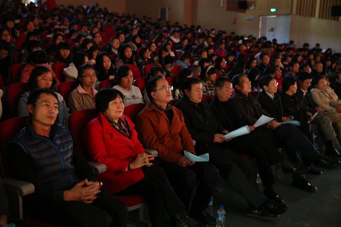 12月26日下午,新葡萄8883官网AMG2015新年师生团拜暨文艺汇演在学生会堂隆重举行。校长蒋永文,党委副书记孙勇、李媛芬,副校长李翔、刘海发、董建华等校领导和全体中层干部、各院系团总支书记、辅导员、学生代表共计1300余名师生欢聚一堂,共迎美好明天。
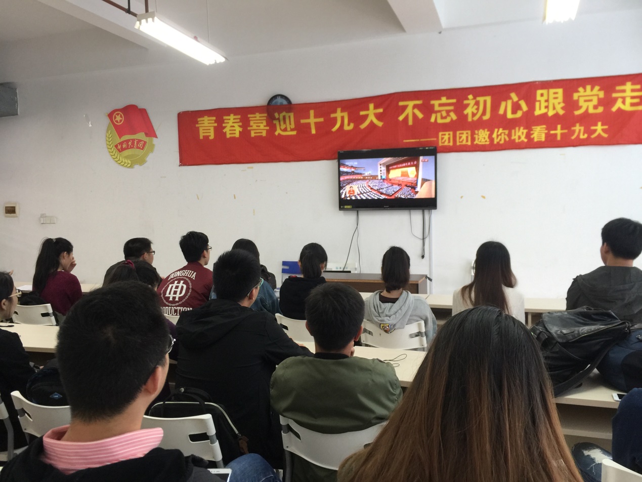 10月18日,中国共产党第十九次全国代表大会在人民大会堂隆重开幕,习近平总书记代表党的十八届中央委员会作《决胜全面建成小康社会,夺取新时代中国特色社会主义伟大胜利》的报告。团委开放大学生活动中心多间活动室,组织团员青年收看十九大直播,并组织“青春筑梦进行时,我为十九大点赞”讨论活动,广大青年欢欣鼓舞,纷纷对十九大的胜利召开表达了喜悦之情与坚定之信念。
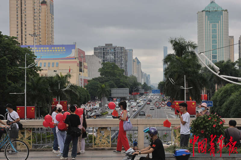 10月1日,市民从新民立交桥走过,他们身后的民族大道上挂满国旗,国庆氛围浓厚。中青报·中青网记者 谢洋/摄
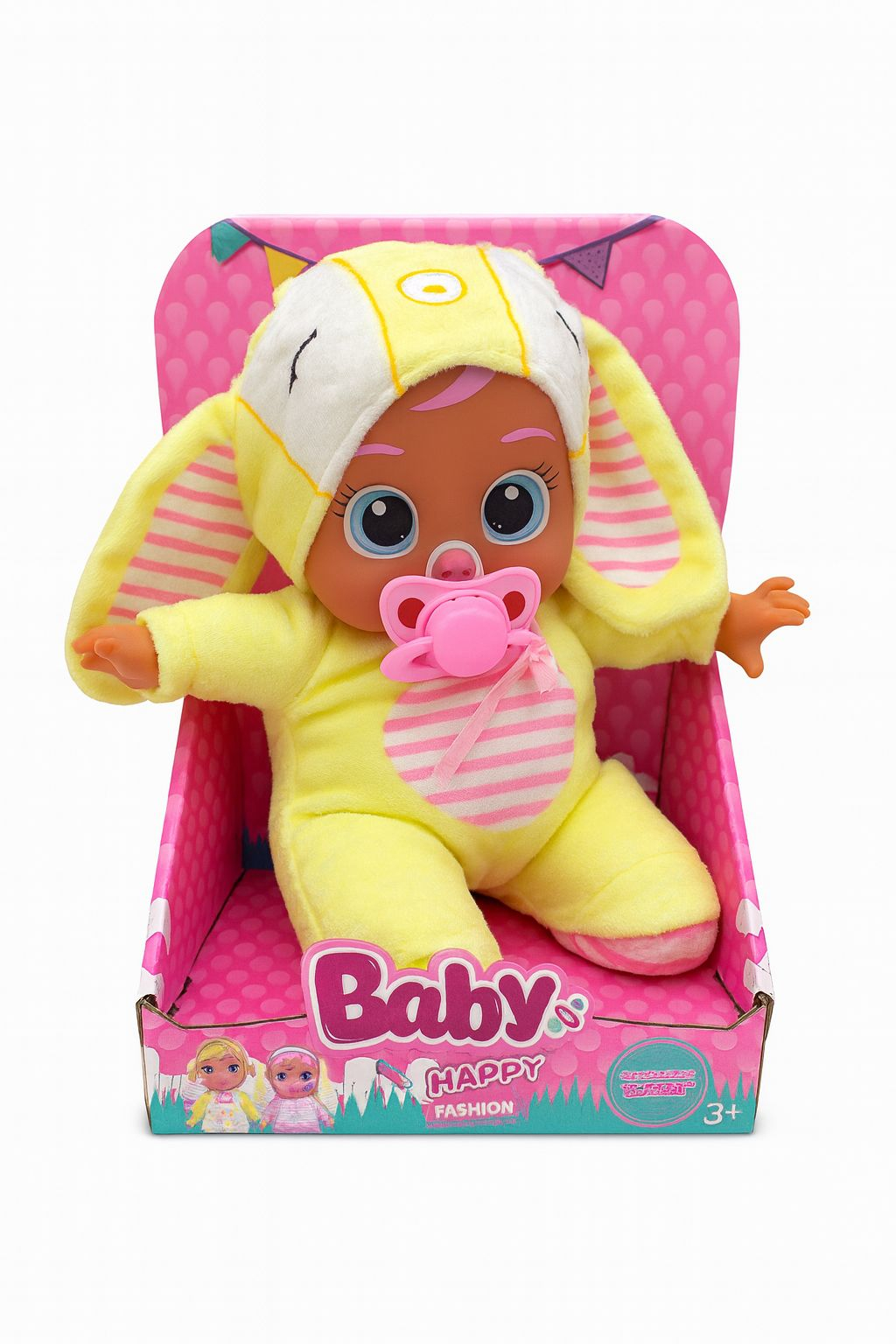 PAPUSA BEBE MUZICALA IN COSTUM GALBEN DE IEPURAS, CU SUZETA, 23X15X12cm
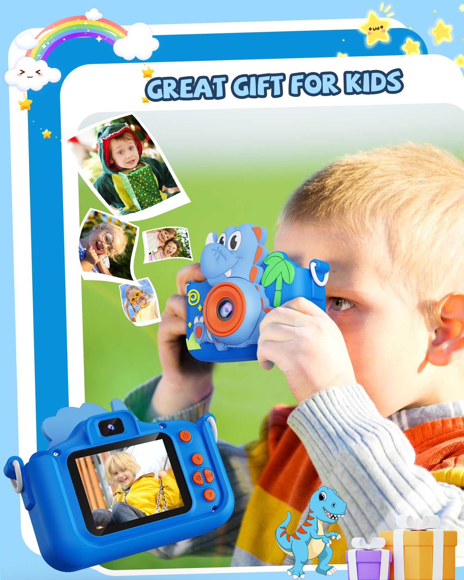 Kikapabi Kids Camera Dinosaur Toys For Boys, Christmas Birthday Gifts Toys For Boys Age 3-8, Toddler Camera Toys With Silicon Cu
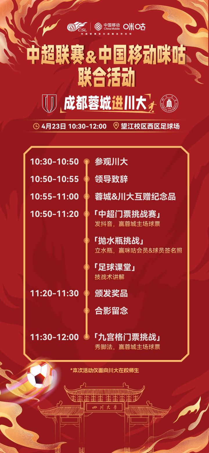 4月23日成都蓉城走进四川大学 与川大师生互动 咪咕体育 咪咕体育2024-04-21 17:03中超联赛&咪咕联合品牌活动成都蓉城进川大,中超劲旅成都蓉城足球俱乐部将走进四川大学,与川大师生近距离接触,开展一系列精彩活动,参与进来,就有机会赢取中超周边好礼!⏰4月23日上午川大望江校区西区足球场,一起共赴热爱!展开更多
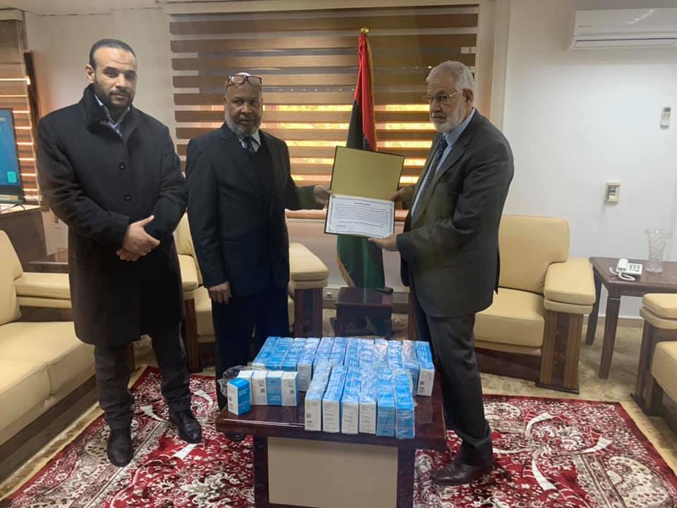 قام وزير الصحة المفوض أحميد بن عمر ووكيل الوزارة العام محمد هيثم باستلام أولى الدفعات من دواء اللشمانيا وذلك بمقر وزارة الخارجية أمس الجمعة وبحضور وزير الخارجية محمد سيالة.
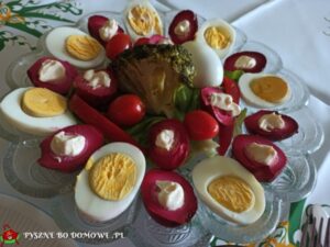 Chcesz mieć jaja zabarwione na piękny buraczany kolor? Nic prostszego do zrobienia. Jaja pięknie się prezentują na półmisku. Mogą być przystrojone kleksem majonezu lub pastą majonezowo- łososiową. Taki półmisek jaj przyda się na różne okazje. Polecam! Składniki: 4-5 jaj ugotowanych na twardo koncentrat barszczu czerwonego lub zakwas buraczany majonez do dekoracji Wykonanie: Jaja obrać ze … Czytaj dalej Jaja w zakwasie buraczanym
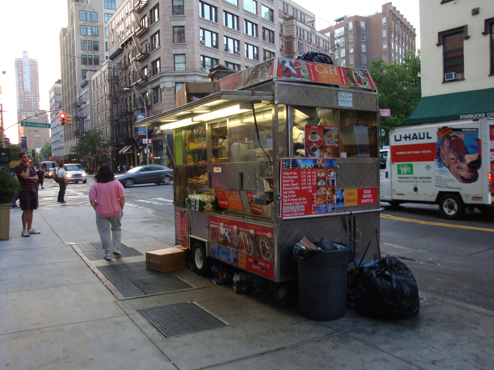 Well, I guess it’s been a while since we’ve had a good old-fashioned cart vs. restaurant battle downtown. I stumbled upon the above (apparently, great minds think alike) on the side of the C&H Halal cart at the corner of Chambers St. and W. Broadway. The cart serving standard street meat parks in front of what is now Plein Sud, a French restaurant in the Smyth Hotel. My first thought was that these places are not exactly in competition with each other for customers. A representative from the restaurant agreed, and said the problems lie mostly in trash from the cart.
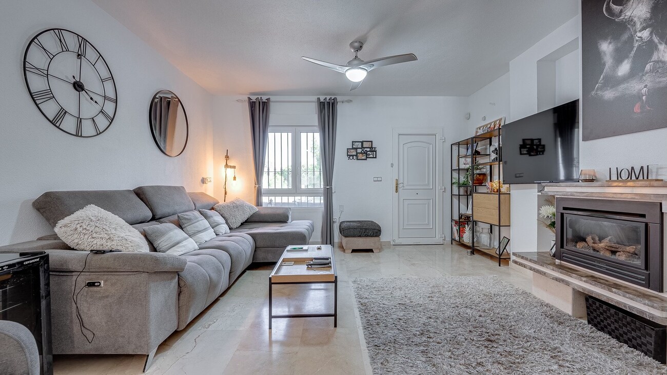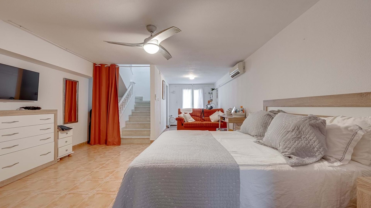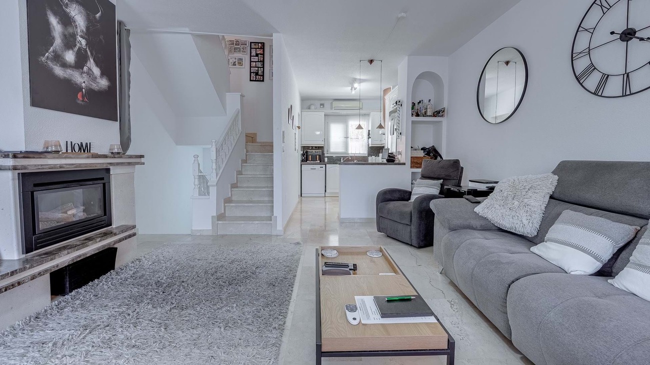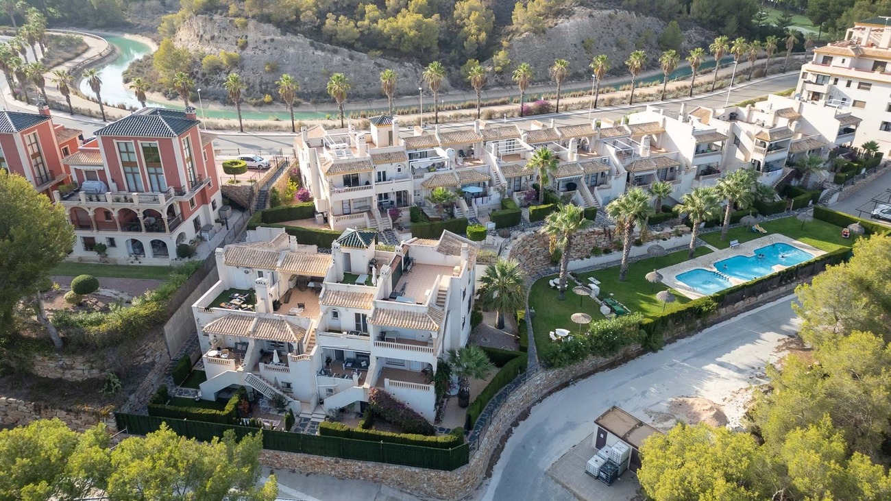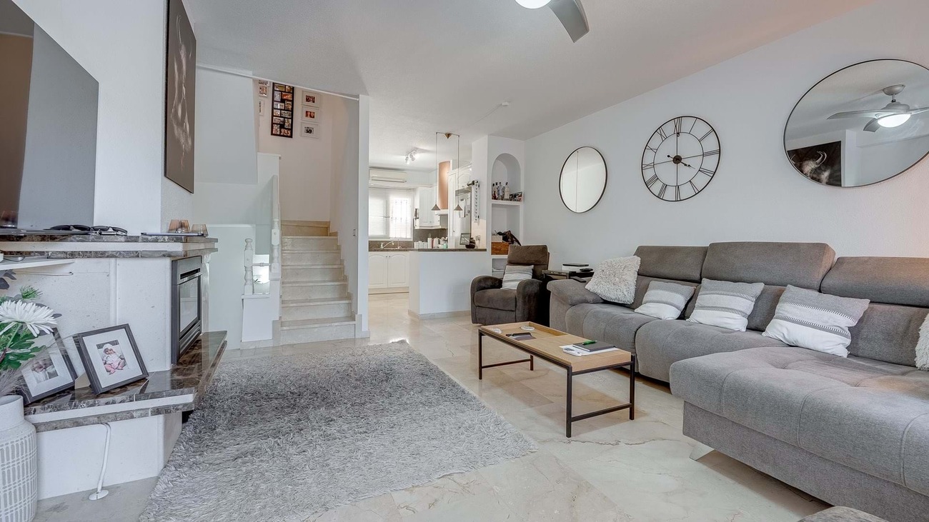 This beautifully designed property is spread over three floors, offering versatile living spaces and breathtaking views. Ground Floor: Ideal as a self-contained bedsit or guest suite Spacious open-plan area with bed and sofa Ample storage space Kitchenette for added convenience Bathroom Direct access to a private courtyard Air conditioning Stairway leading to the main living area First Floor: Large terrace with stunning golf course views Bright and airy lounge with dining area and open fireplace Fully equipped kitchen WC/cloakroom Second Floor: Two double bedrooms, one with a private balcony Family bathroom Third Floor: Rooftop solarium with panoramic golf course views Additional Features: Allocated parking space Partially furnished Air conditioning throughout Security alarm system East-facing for morning sun Access to a communal pool and landscaped gardens Located in a secure gated community Walking distance to the popular C.C. La Fuente, offering a variety of bars and restaurants This exceptional home is perfect for those seeking a combination of comfort, style, and convenience in a sought-after location.
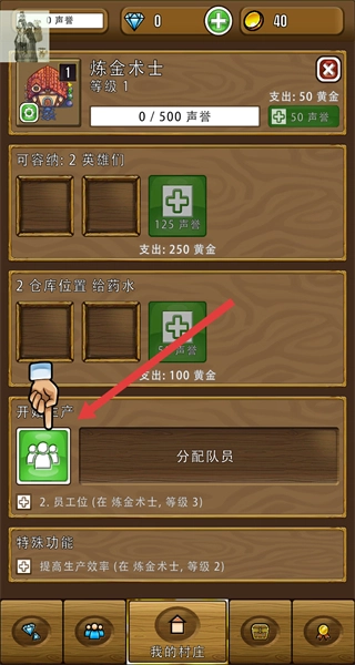 在“我的村庄”界面里,点击场景中的空地,就能启动建筑搭建流程,进而完成炼金术士等建筑的建造。
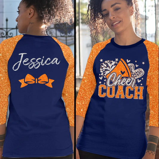 Personalized Glitter Cheer Coach 3/4 Sleeve Raglan T-Shirt

THE TASK
If a line falls between the one containing "This beautifully designed" and the last line of the entries above, both included, reproduce it exactly; leave the pictures out.

ANSWER TO THIS PROBLEM
 This beautifully designed property is spread over three floors, offering versatile living spaces and breathtaking views. Ground Floor: Ideal as a self-contained bedsit or guest suite Spacious open-plan area with bed and sofa Ample storage space Kitchenette for added convenience Bathroom Direct access to a private courtyard Air conditioning Stairway leading to the main living area First Floor: Large terrace with stunning golf course views Bright and airy lounge with dining area and open fireplace Fully equipped kitchen WC/cloakroom Second Floor: Two double bedrooms, one with a private balcony Family bathroom Third Floor: Rooftop solarium with panoramic golf course views Additional Features: Allocated parking space Partially furnished Air conditioning throughout Security alarm system East-facing for morning sun Access to a communal pool and landscaped gardens Located in a secure gated community Walking distance to the popular C.C. La Fuente, offering a variety of bars and restaurants This exceptional home is perfect for those seeking a combination of comfort, style, and convenience in a sought-after location.
 在“我的村庄”界面里,点击场景中的空地,就能启动建筑搭建流程,进而完成炼金术士等建筑的建造。
 Personalized Glitter Cheer Coach 3/4 Sleeve Raglan T-Shirt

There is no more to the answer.